[Saved data entries]

>>>

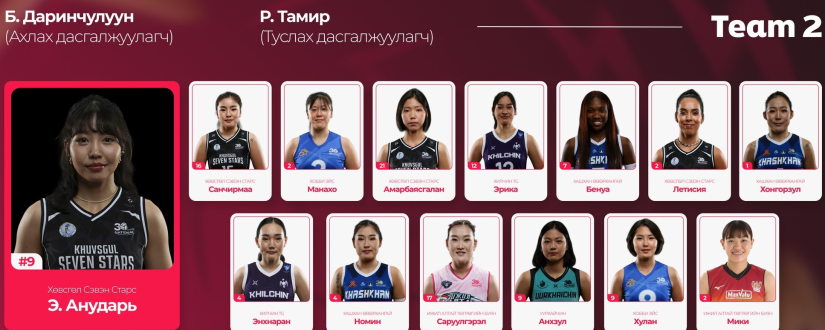 Үзэгчид, волейболын спорт сонирхогчдоос хамгийн өндөр санал авсан 28 тоглогч драфтаар хоёр багт хуваагдан өрсөлдөх энэхүү тоглолт эрэгтэй, эмэгтэй тус бүр 10 легионер тоглогч багтжээ. Эмэгтэйчүүдийн тоглолтын нэгдүгээр багийг “Хилчин”-ий Б.Халиунзаяа ахалж байгаа бөгөөд тэрбээр “Бүх оддын тоглолт”-д хоёр дахиа оролцоно. Харин хоёрдугаар багийн ахлагчаар “Хөвсгөл долоон од”-ын Э.Анударийг сонгожээ. Тэр анх удаа “Бүх оддын тоглолт”-д өрсөлдөхөөр болсон нь энэ. Эмэгтэйчүүдээс “Хөвсгөл долоон од”-ын П.Энххүслэн хамгийн олон буюу дөрвөн удаа “Бүх одддын тоглолт”-д сонгогдсон бол анх удаа оролцох долоон монгол тоглогч байна. Харин эрэгтэйчүүдийн нэгдүгээр багийг “Дархан Могулс”-ын Г.Төрбат, хоёрдугаар багийг “Минтонетт Говь”-ийн Н.Бүрэнтөгс нар ахална. Эрэгтэйчүүдээс энэ тоглолтод дөрөв дэхээ орж буй долоон тоглогч байгаа бол анх удаа өрсөлдөх 4 тамирчин байна.
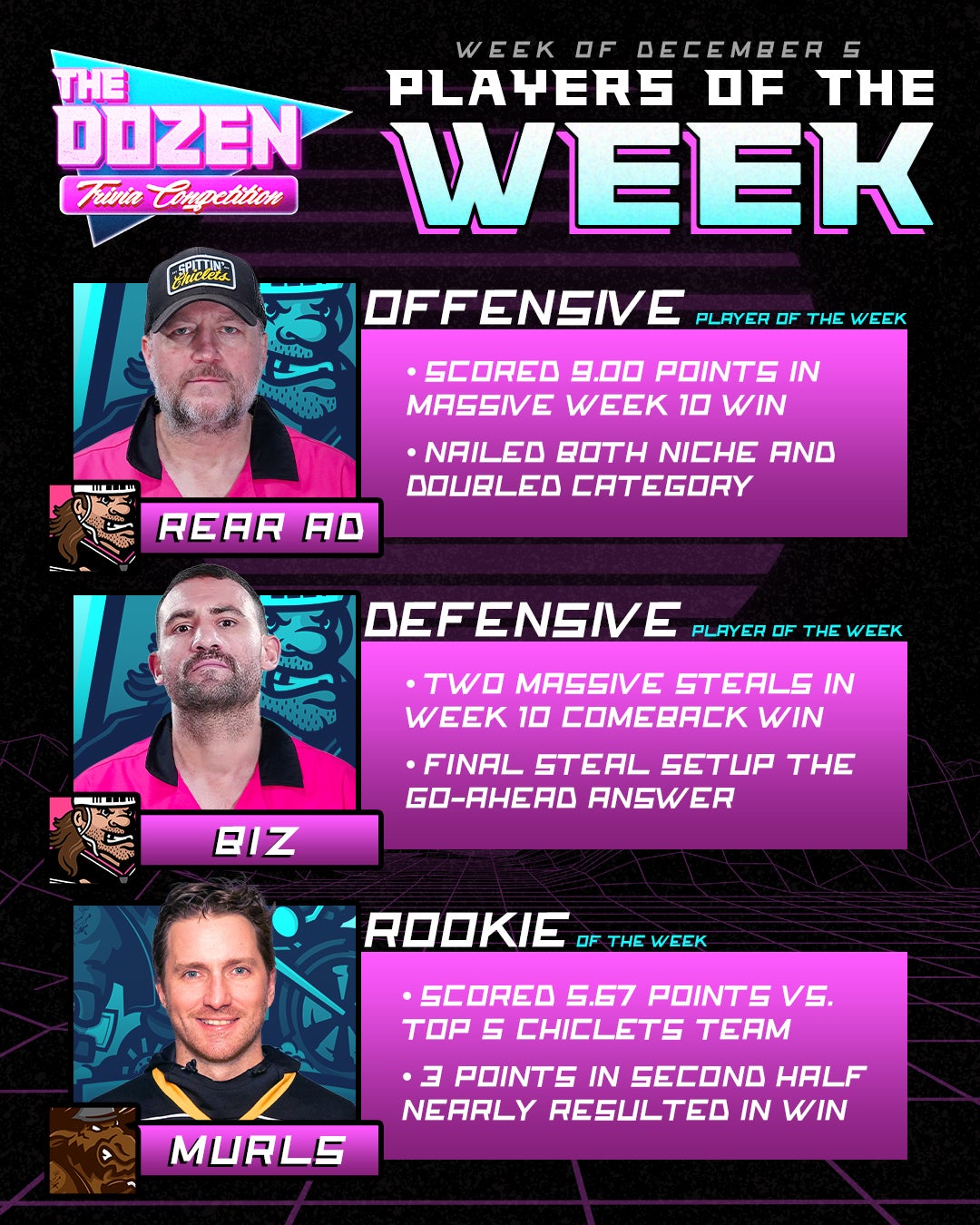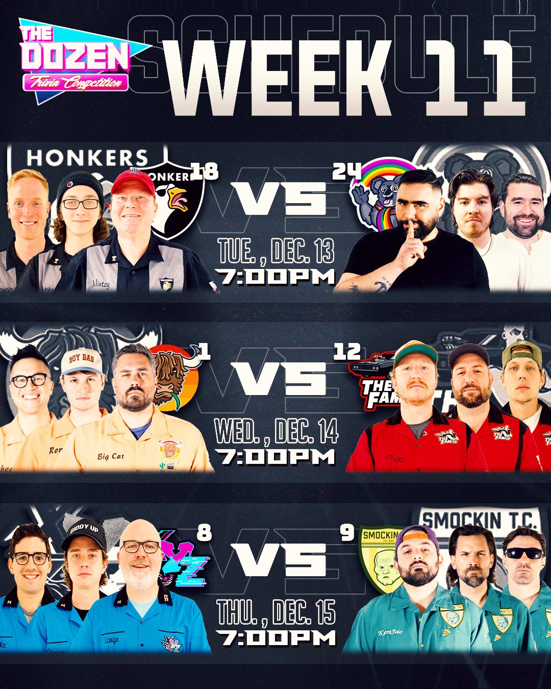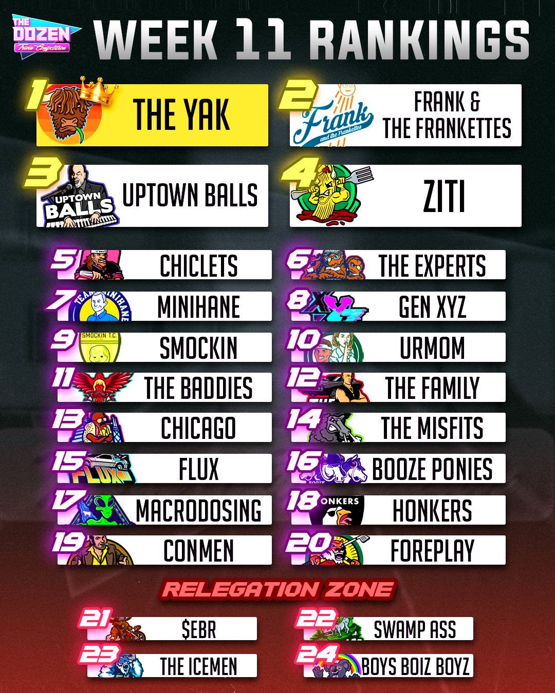 Week 11 of The Dozen is here. The Yak returns for the first time since the NY live show, the Big Screamin’ Honkers play to keep the original Dozen Champions out of the relegation zone, and Smockin battles XYZ in a battle between underrated squads. Our correspondent Scoops L'Aguirre has the breakdown…
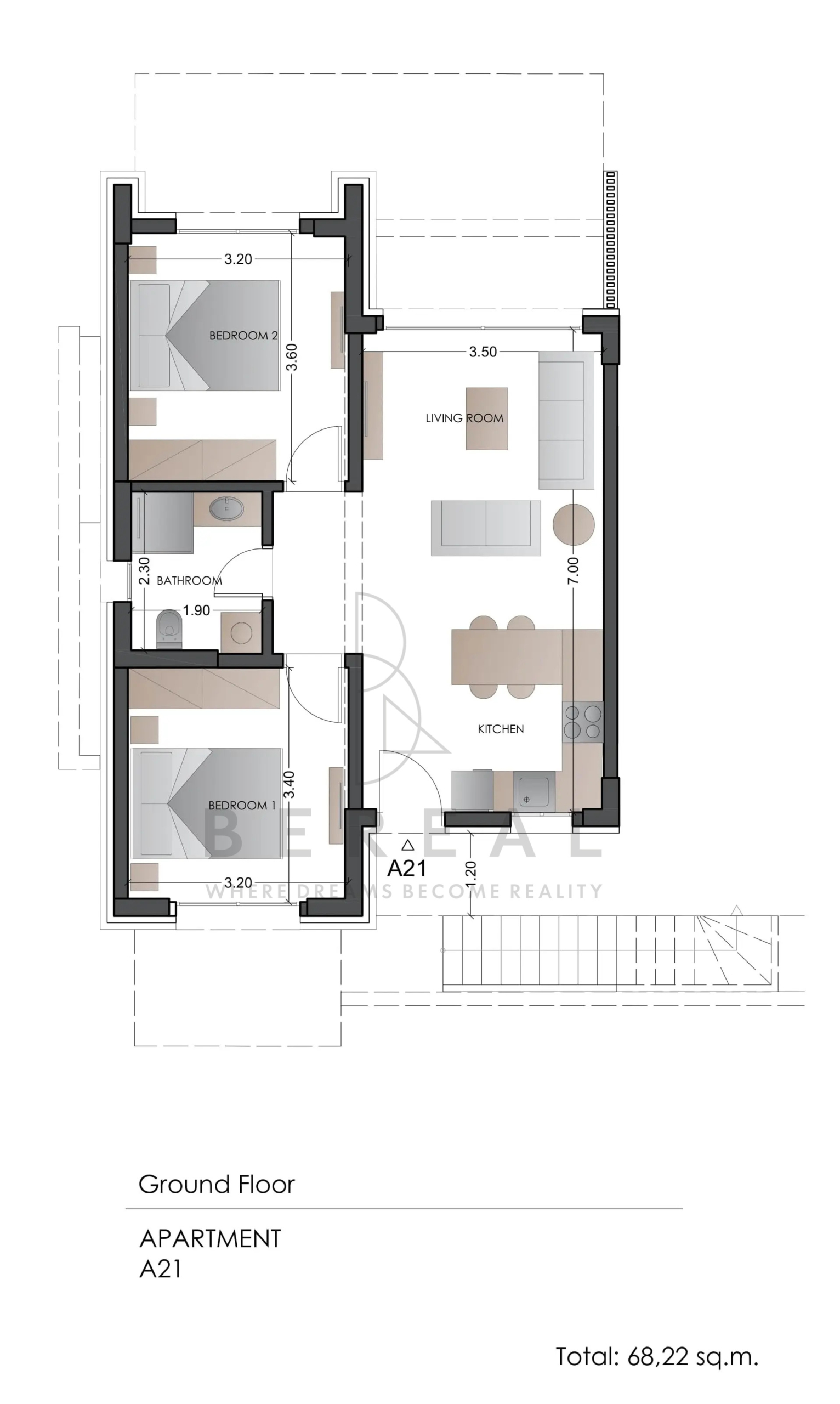 The property has a total area of 68.22 sq m. and is located on the Ground Floor of a complex. The house is on one level and is distinguished by its functional and comfortable layout. It includes a single, bright living room-kitchen, two (2) spacious bedrooms and one (1) full bathroom.
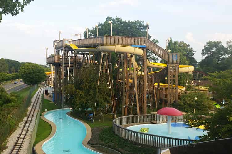 Presque Isle Plunge and Lake Erie Dip slides, with the Kiddle Pool area and Endless River beneath. L.Ruth express can be seen running down the left.
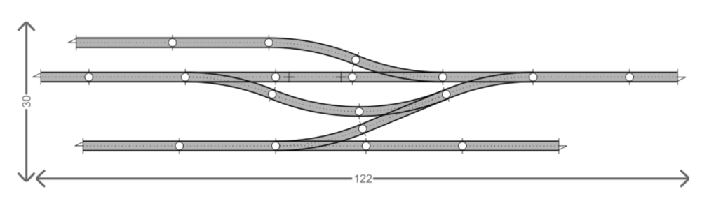Je zal onderhand wel doorhebben, voor elke wissel die hier bij komt, kan je twee treinen meer kwijt mits je ze achter elkaar laat rijden op deze wijze.
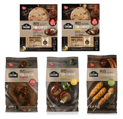 동원F&B는 18일 프리미엄 가정간편식(HMR) 브랜드 ‘퀴진’(사진)을 론칭했다. 프랑스어로 ‘셰프의 요리’를 뜻하는 ‘퀴진’은 전문 셰프가 만든 수준의 요리를 추구한다는 의미를 담고 있다. 브랜드 론칭과 함께 더블 스테이크 오리지널(냉장, 냉동), 더블 스테이크 치즈(냉장, 냉동), 치즈 크리스피 핫도그 등 총 5종의 상품을 내놓았다. 스테이크는 냉장과 냉동으로 나누어 출시해 소비자가 보관 방식이나 용도에 따라 선택할 수 있다. 동원F&B 관계자는 “최근 소비자들은 간편하면서도 고급스러운 가정간편식을 선호하는 추세로 바뀌고 있다. 향후 다양한 신제품을 통해 퀴진의 브랜드 경쟁력을 강화할 계획”이라고 말했다.
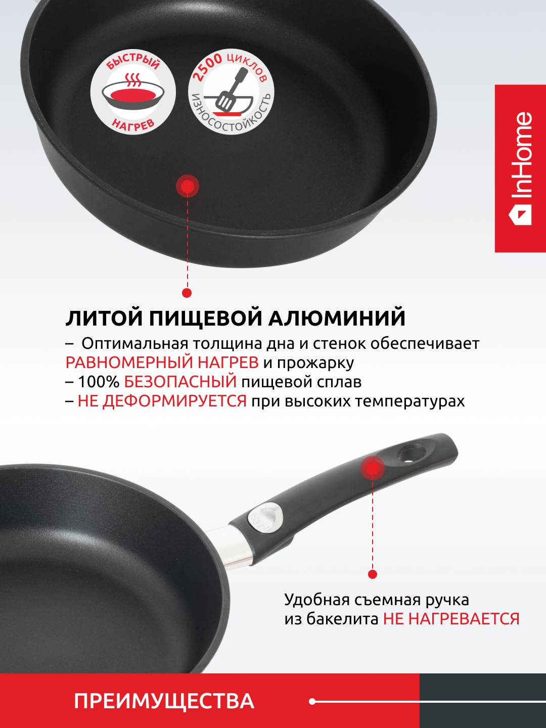 Сковорода InHome классическая литая толстостенная с антипригарным покрытием, съемная ручка
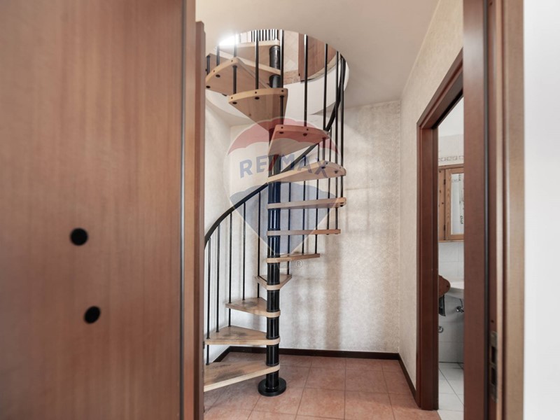 La soluzione è dotata di due ingressi indipendenti accessibili dal vano scala condominiale e serviti da ascensore: uno al terzo piano e uno al quarto piano. Inoltre l'appartamento è collegato internamente da una comoda scala a chiocciola.
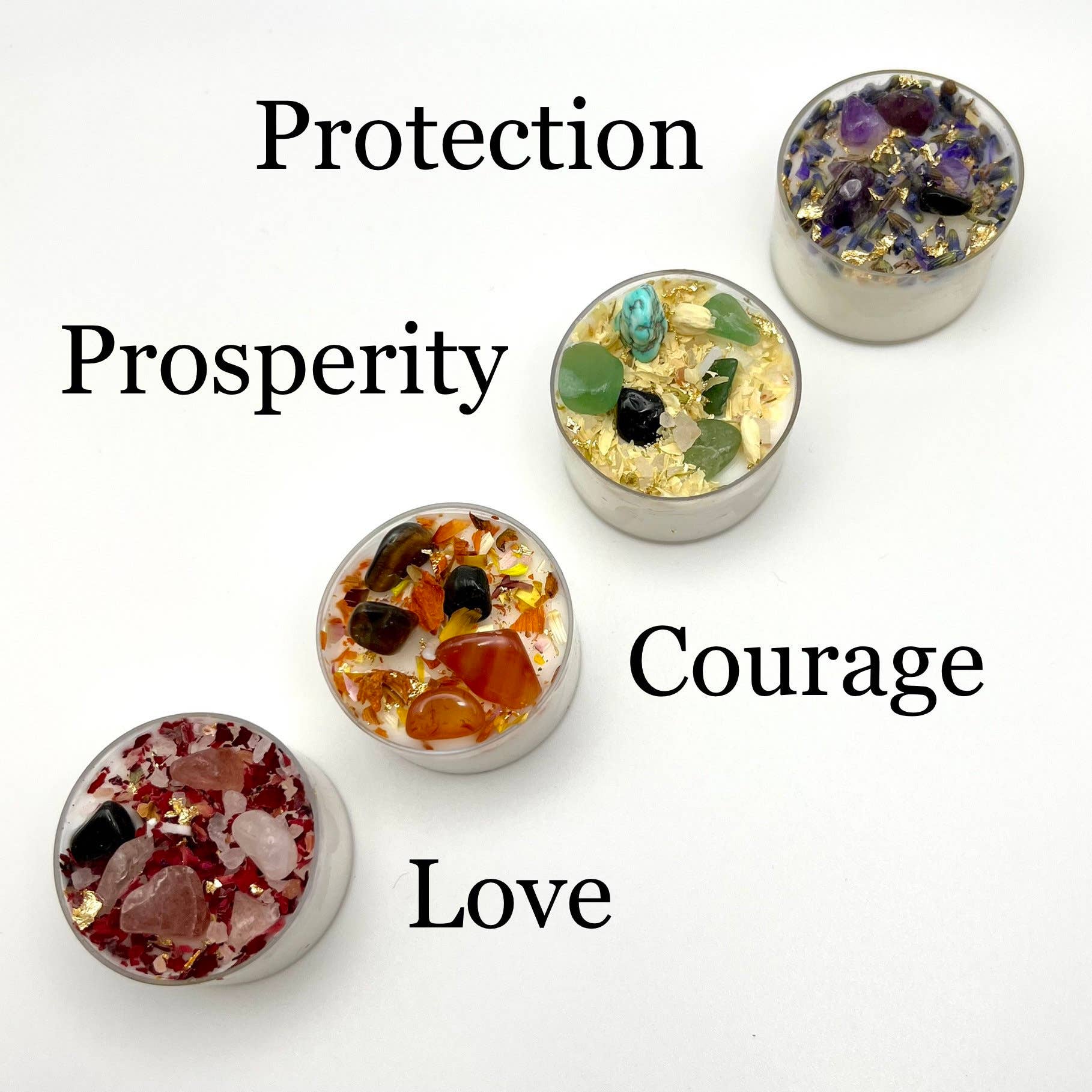🌟 Set of 4 Intentions 🌟 Courage: Orange Lily, Tiger's Eye and Carnelian help you be bold, persistent and steady. Protection: Lavender and Amethyst protect the user's mind and spirit from negative forces. Prosperity: Inspires success, good luck and increased attraction with Jasmine and Aventurine. Love: Opens the heart to feelings of love with rose petals and Strawberry Quartz.
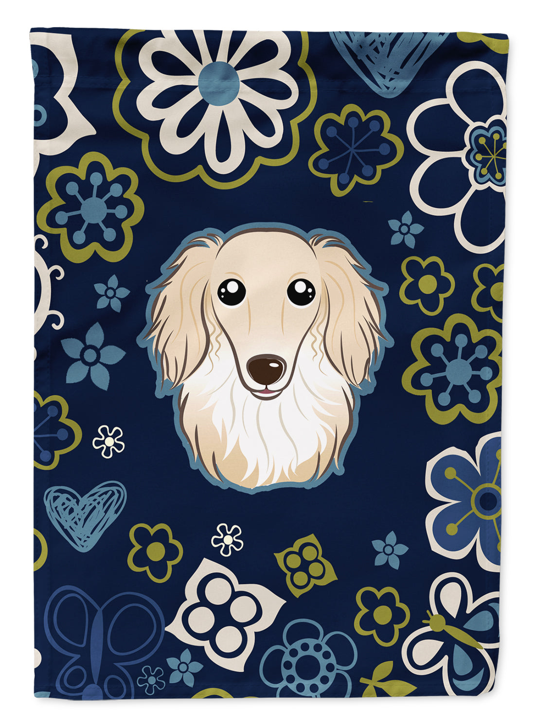Blue Flowers Longhair Creme Dachshund Flag Garden Size BB5063GF
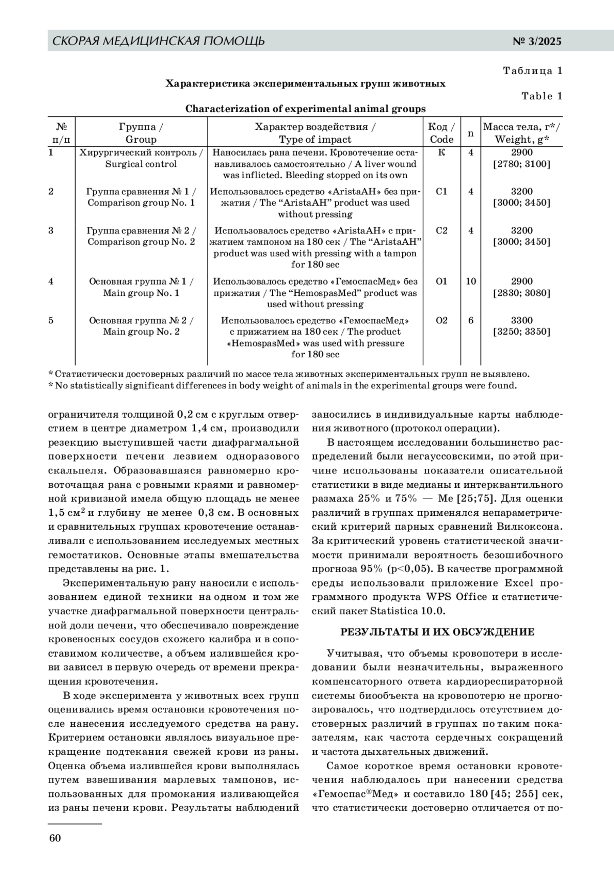 Цель исследования: сравнительная экспериментальная оценка эффективности гемостатического хирургического полисахаридного рассасывающегося средства «Гемоспас®Мед». Для этого на стандартной модели кровотечения из раны печени кролика оценивалось кровоостанавливающее действие средства «Гемоспас®Мед» и объекта сравнения «AristaАН». Материалы и методы исследования. Исследование выполнено в остром эксперименте на биомодели кровотечения из раны печени кролика. Эффективность гемостатиков оценивалась по времени остановки кровотечения и объему излившейся крови, в пересчете на объем ОЦК животного. Результаты. По результатам экспериментальной доклинической апробации эффективность «Гемостатического хирургического полисахаридного рассасывающего средства «Гемоспас®Мед», разработанного в рамках импортозамещения, сопоставима с зарубежным образцом кровеостанавливающего средства на основе модифицированного крахмала. Заключение. По эффективности местное гемостатическое средство «Гемоспас®Мед» не уступает своему зарубежному аналогу и может с успехом заменить его в практике хирургии неотложных состояний как дополнение к классическим методам хирургического гемостаза при операциях на органах брюшной полости и забрюшинного пространства.
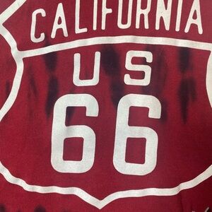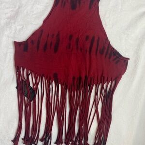 Stylish burgundy crop top with fringe. Features bold California US 66 print.
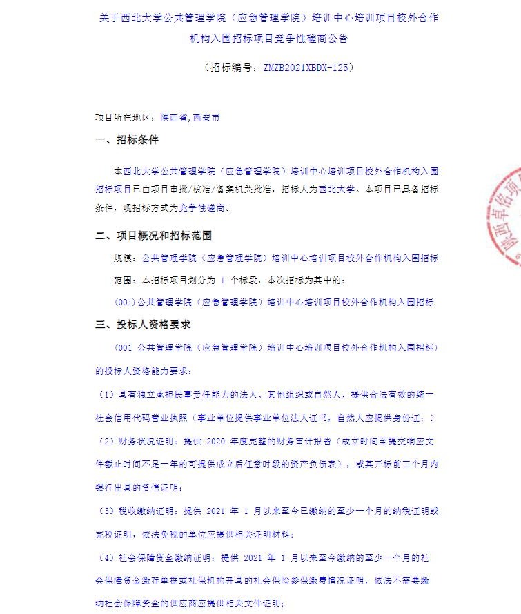 关于米兰买球公共管理学院(应急管理学院)培训中心培训项目校外合作机构入围招标项目竞争性磋商公告

<<<

* **WHAT THE TASK REQUIRES**
Your answer should consist solely of the lines from the one with "Stylish burgundy crop" through the last line of the entries, restated word for word, with the pictures omitted.

* **ANSWER TO THE EXERCISE**
 Stylish burgundy crop top with fringe. Features bold California US 66 print.
 关于米兰买球公共管理学院(应急管理学院)培训中心培训项目校外合作机构入围招标项目竞争性磋商公告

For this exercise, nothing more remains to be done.